Release mode: Forced disclosure  
Ref : [TZO-30-2009] - Kaspersky PDF evasion (Forced disclosure) 
Vendor : http://www.kaspersky.com 
Status : Silent fix that doesn't work - No appropriate patch 
CVE : none provided Credit : none given  
OSVDB vendor entry: No [1]

Security notification reaction rating : Catastropic
Not only did the headquarter not answer, they (tried) to patch this vulnerability silently, only to fail at it. See Timeline.

This is not the first time that Kaspersky did not answer but patched bugs without credit, advisory or anything. This was however the last time I will not disclose, I am no longer part of an entity that tolerates irresponsible non-disclosure.

A professional reaction to a vulnerability notification is a way to measure the maturity of a vendor in terms of security. Kaspersky is given a grace period of two (2) weeks to reply to my notifications. Failure to do so will result in details of all the other reported bugs be released in two (2) weeks.

Notification to patch window : x+n
Disclosure Policy : http://blog.zoller.lu/2008/09/notification-and-disclosure-policy.html

Affected products (all versions) :

  • Kaspersky Internet Security
  • Kaspersky Anti-Virus
  • Kaspersky Mobile Security
  • Kaspersky Small Office Security
  • Kaspersky Open Space Security
  • Kaspersky Business Space Security
  • Kaspersky Work Space Security
  • Kaspersky Enterprise Space Security
  • Kaspersky Targeted Security
  • Kaspersky® Anti-Virus for Microsoft ISA Server
  • Kaspersky® Anti-Virus for Proxy Server
  • Kaspersky® Anti-Virus for Check Point Firewall-1
  • Kaspersky® Anti-Virus for Windows Server
  • Kaspersky® Anti-Virus for Windows Server Enterprise Edition
  • Kaspersky® Anti-Virus for Novell NetWare
  • Kaspersky® Anti-Virus for Linux File Server
  • Kaspersky® Anti-Virus for Samba Server
  • Kaspersky® Security for Microsoft Exchange 2007
  • Kaspersky® Security for Microsoft Exchange 2003
  • Kaspersky® Anti-Virus for Lotus Notes/Domino
  • Kaspersky® Anti-Virus for Windows Workstation
  • Kaspersky® Anti-Virus for Linux Workstation
  • Kaspersky® Anti-Virus for Linux Mail Server
  • Kaspersky® Mail Gateway Kaspersky® Anti-virus for MIMEsweeper
I. Background
Quote: "We develop, produce and distribute information security solutions that protect our customers from IT threats and allow enterprises to manage risk. We provide products that protect information from viruses, hackers and spam for home users and enterprises and offer consulting services and technical support. "

II. Description
The PDF files are not parsed correctly, a PDF file starts with the magic byte "%PDF" and ends with the magic byte "%%EOF", everything in between those markers is parsed and interpreted. Furthermore PDF files are read from the bottom to the top.

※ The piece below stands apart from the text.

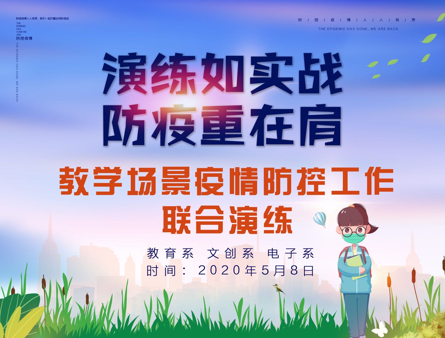 总指挥傅强向刘院长报告:教育系文创系电子系2020年春季开学复课教学场景防疫联合模拟演练已准备就绪,可以开始。院长刘惠河指示:按计划进行演练!穿戴整齐的工作人员、教师、学生扮演者,各就各位,如临其境。
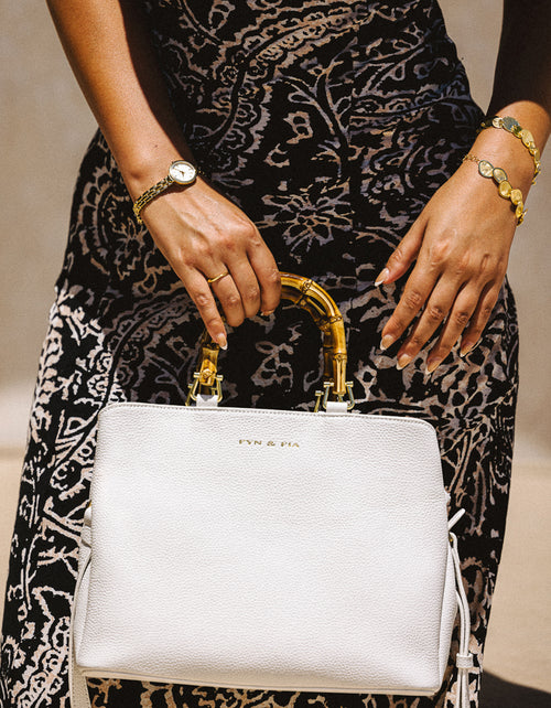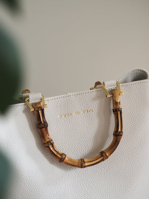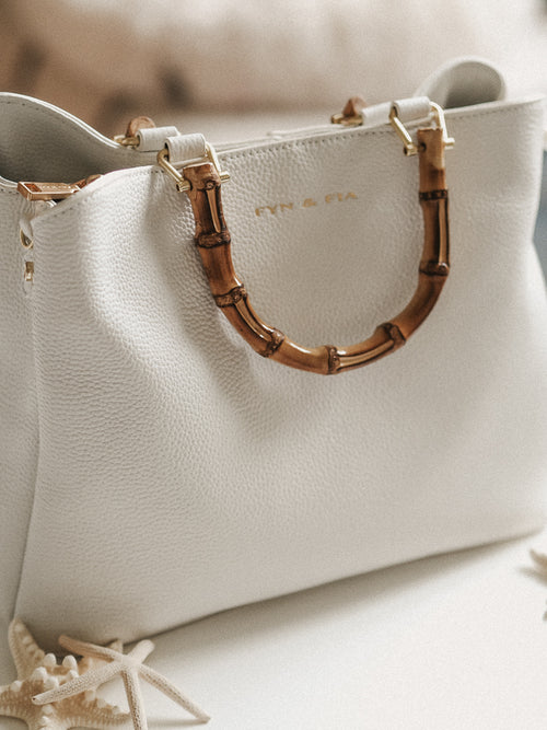 Styled in a versatile bright ivory finish, the Isabella handbag features a spacious central opening with convenient and secure open interior pockets. Choose between bamboo handles or an adjustable strap for a comfortable carry. Finished with our signature Fyn & Fia logo in gold foil, it is a timeless sophisticated addition to any ensemble.

Adobe Acrobat nor the FoxitReader care too much about the data that comes prior the magic byte, the kaspersky engine does, not only does it care, it fails to detect the malware inside the PDF file.

I will spare you the details, a PDF file is bascialy a container that starts with %PDF and ends with %%EOF.

What follows are the details of this evasion, note this one is generic and the easiest one, there are plenty more. What you read below is true as amazing as it might seem, you can't have it more simple.

Example of a malicious PDF file :
%PDF Malicious content here %%EOF

Doing :

Enter stuff here, like random text.
%PDF Malicious content here %%EOF

This has the result that the malware is no longer being detected. Note: Not a single byte of the malware itself been altered, and strictly speaking the content that represent a PDF file hasn't been changed at all.

This has been tested with several malicious PDF files and represents a generic evasion of all PDF signatures and heuristics.

Kaspersky was given the PoC file directly through myself and F-Secure, they went ahead an patched this by adding a signature for the POC file, adding a PE header in front of a PDF file (with a PDF extension) still evades detection and the exploit still triggers when opening the file with Adobe. Thus the patch is flawed by design.

Thus the root cause is :

  • The PDF file is not parsed from the bottom to the top, it's important to support the format the same way the end-user application does.
  • The PDF magic byte (was) read from at static offset
  • Heuristics are apparently not good enough to detect simple shellcode in a PDF file
Kaspersky was given the sample directly through myself and F-Secure, they went ahead and silently patched this by adding a signature for the PoC file. After analysis the patch proved to be incomplete, by adding a PE header in front of a PDF file (with a PDF extension) detection is still evaded and the exploit still triggers when opening the file with Adobe.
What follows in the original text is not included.